Work required
Please give back, word for word, only the lines starting at the one containing "Forseti ásamt Elísabetu" and ending at the one containing "Chúng mình chụp" within the material below.
====== Source information ======
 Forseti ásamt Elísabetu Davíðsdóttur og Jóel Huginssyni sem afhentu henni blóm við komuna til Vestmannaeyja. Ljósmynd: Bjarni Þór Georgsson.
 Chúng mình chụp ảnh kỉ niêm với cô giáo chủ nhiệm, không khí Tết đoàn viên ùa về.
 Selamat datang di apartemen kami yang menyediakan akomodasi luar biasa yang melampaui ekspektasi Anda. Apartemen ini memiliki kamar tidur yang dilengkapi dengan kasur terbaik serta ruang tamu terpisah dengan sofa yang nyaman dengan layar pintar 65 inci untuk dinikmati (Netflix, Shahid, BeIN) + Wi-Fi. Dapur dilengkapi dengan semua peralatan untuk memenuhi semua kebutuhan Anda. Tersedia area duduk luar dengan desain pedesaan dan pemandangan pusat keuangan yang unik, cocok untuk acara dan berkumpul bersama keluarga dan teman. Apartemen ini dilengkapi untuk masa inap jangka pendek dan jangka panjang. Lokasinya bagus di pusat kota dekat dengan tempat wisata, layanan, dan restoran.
======
====== Source information ======
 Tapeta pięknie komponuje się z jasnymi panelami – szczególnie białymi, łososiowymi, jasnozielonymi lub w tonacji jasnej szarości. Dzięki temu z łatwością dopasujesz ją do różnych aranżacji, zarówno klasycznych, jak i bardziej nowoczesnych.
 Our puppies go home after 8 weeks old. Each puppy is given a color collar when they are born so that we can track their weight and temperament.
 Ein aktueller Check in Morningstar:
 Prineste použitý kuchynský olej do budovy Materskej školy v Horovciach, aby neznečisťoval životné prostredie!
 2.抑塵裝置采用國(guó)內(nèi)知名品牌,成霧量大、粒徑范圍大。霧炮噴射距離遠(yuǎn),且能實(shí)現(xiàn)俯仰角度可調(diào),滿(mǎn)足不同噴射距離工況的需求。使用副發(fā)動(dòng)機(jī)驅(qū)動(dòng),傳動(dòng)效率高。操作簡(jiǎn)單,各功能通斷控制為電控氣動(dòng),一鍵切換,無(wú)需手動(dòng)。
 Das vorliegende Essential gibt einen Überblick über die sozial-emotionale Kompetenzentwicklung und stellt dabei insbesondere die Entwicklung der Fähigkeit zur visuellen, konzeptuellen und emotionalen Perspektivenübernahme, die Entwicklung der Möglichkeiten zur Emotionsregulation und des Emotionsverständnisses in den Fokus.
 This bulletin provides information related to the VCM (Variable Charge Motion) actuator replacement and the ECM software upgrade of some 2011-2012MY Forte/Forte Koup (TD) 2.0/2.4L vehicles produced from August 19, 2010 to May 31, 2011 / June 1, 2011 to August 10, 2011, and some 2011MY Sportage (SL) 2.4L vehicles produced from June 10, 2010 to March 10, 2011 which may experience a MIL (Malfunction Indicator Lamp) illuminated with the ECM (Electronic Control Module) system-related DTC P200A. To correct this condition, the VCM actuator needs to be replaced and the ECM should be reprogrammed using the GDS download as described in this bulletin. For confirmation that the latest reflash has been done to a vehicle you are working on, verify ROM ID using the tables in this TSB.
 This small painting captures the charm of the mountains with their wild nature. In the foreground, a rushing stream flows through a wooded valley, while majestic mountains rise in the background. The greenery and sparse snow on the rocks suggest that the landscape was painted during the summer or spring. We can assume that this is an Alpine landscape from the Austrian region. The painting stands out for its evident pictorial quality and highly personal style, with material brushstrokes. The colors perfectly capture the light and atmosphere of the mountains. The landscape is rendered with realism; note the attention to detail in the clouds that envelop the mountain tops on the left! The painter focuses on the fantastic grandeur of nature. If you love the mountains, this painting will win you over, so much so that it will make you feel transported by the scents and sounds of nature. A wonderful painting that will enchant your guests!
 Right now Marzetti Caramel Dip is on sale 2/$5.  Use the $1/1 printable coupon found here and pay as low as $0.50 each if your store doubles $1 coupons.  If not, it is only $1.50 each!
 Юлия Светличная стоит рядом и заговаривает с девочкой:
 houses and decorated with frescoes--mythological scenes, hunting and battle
======
====== Source information ======
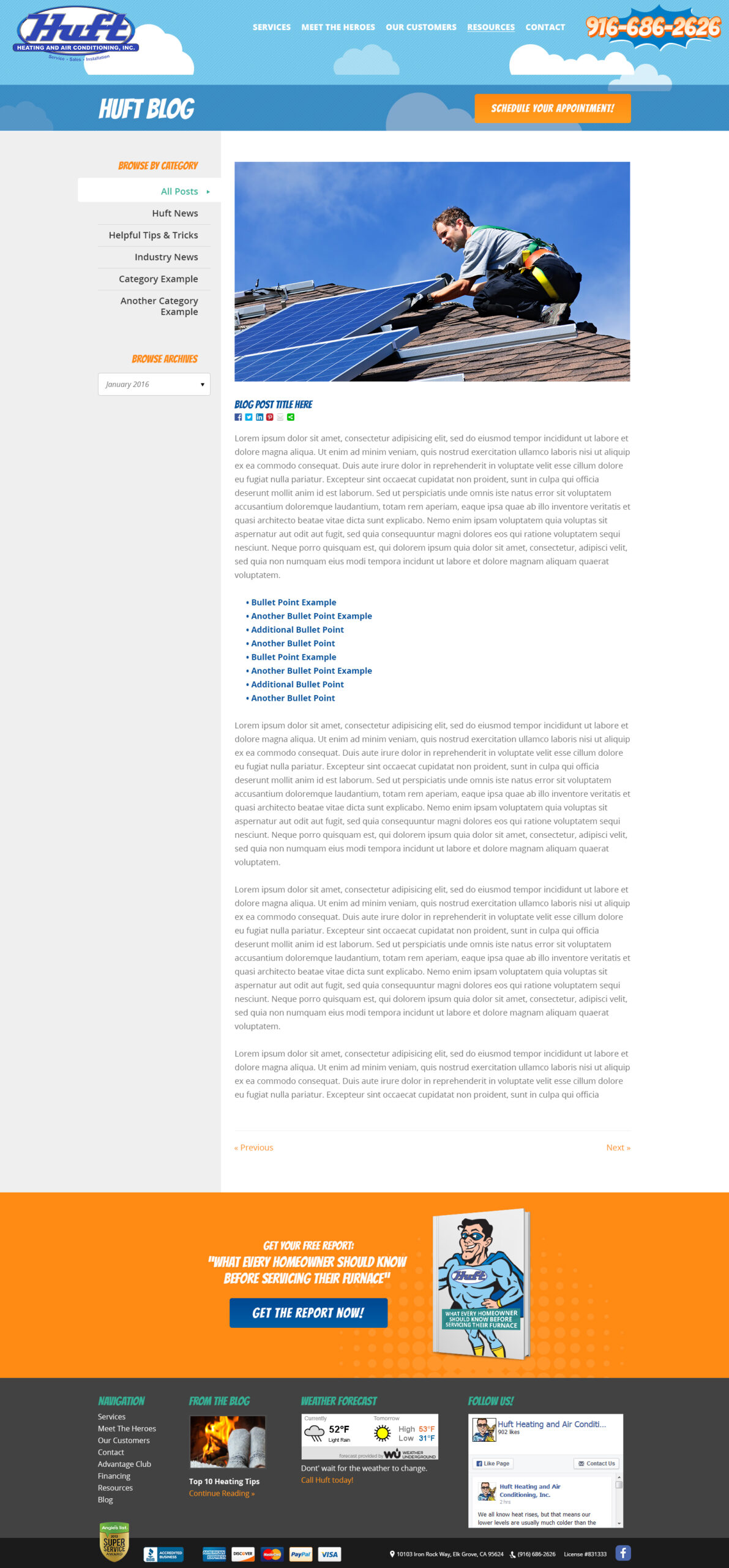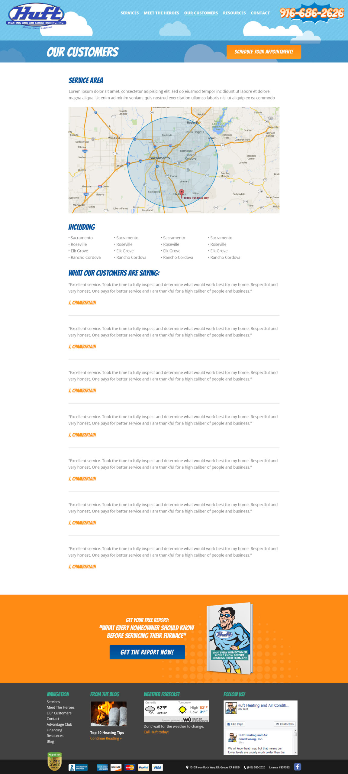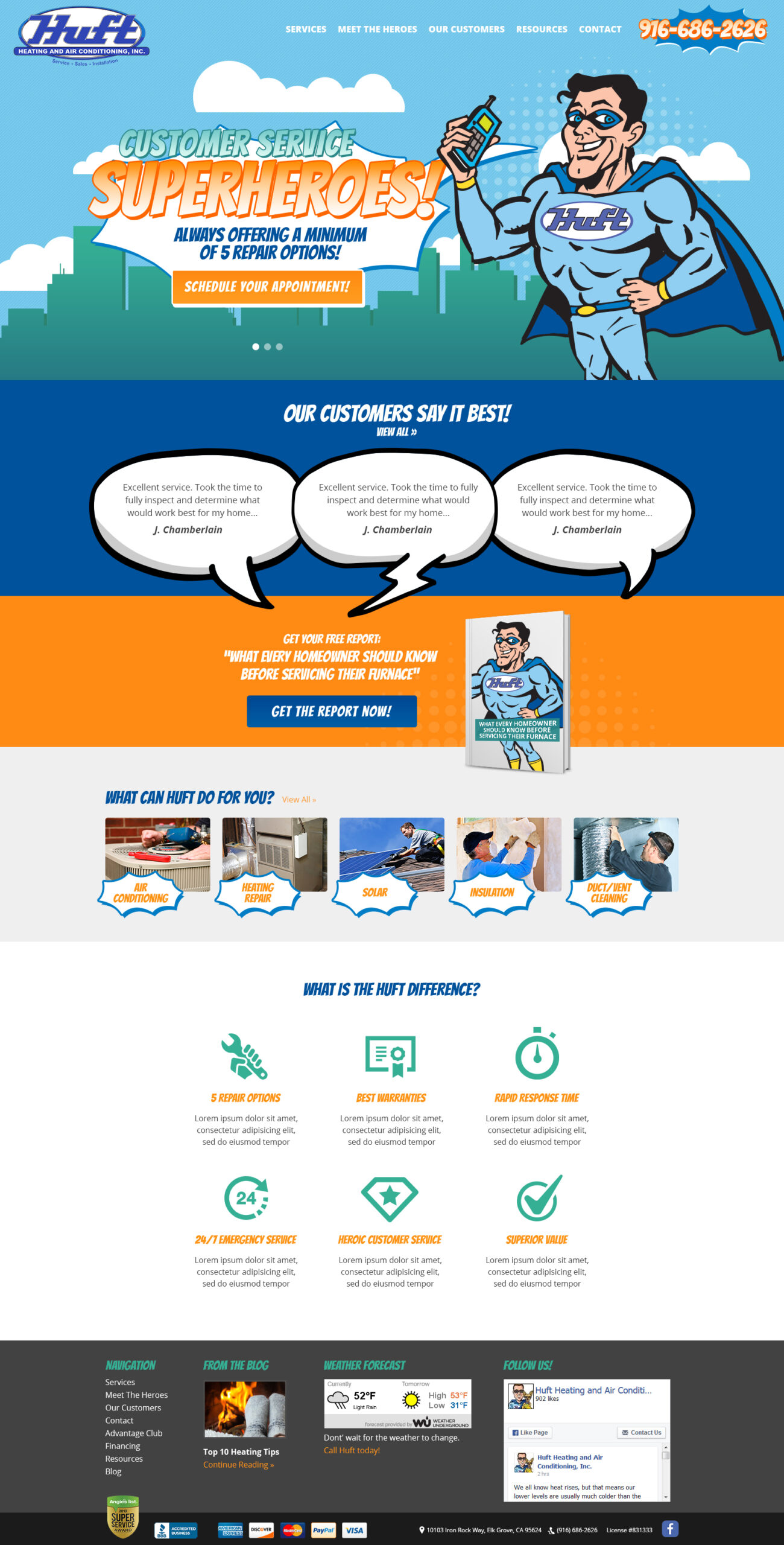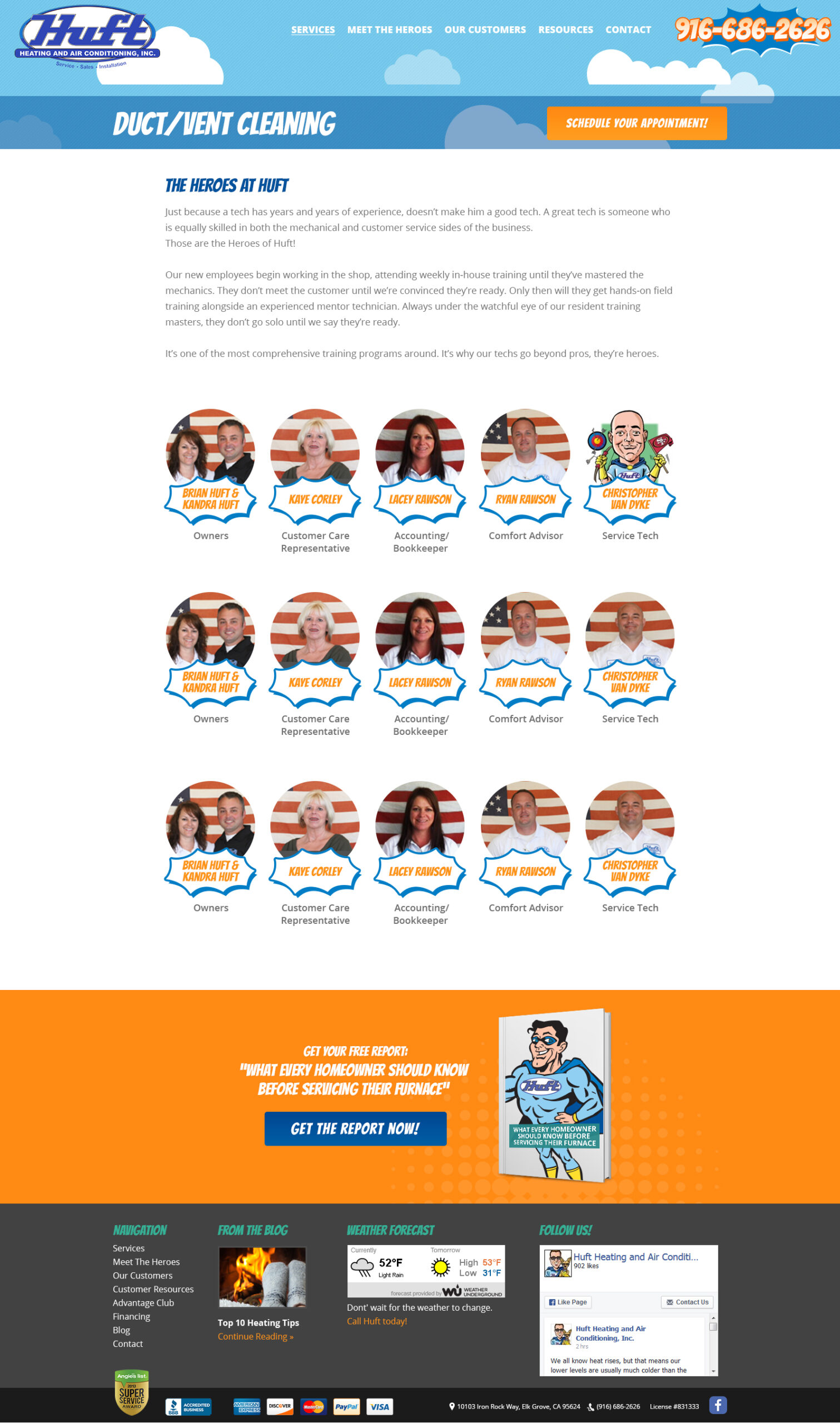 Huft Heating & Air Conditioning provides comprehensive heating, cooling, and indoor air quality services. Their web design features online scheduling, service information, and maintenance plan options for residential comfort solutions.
======
Answer space
 Forseti ásamt Elísabetu Davíðsdóttur og Jóel Huginssyni sem afhentu henni blóm við komuna til Vestmannaeyja. Ljósmynd: Bjarni Þór Georgsson.
 Chúng mình chụp ảnh kỉ niêm với cô giáo chủ nhiệm, không khí Tết đoàn viên ùa về.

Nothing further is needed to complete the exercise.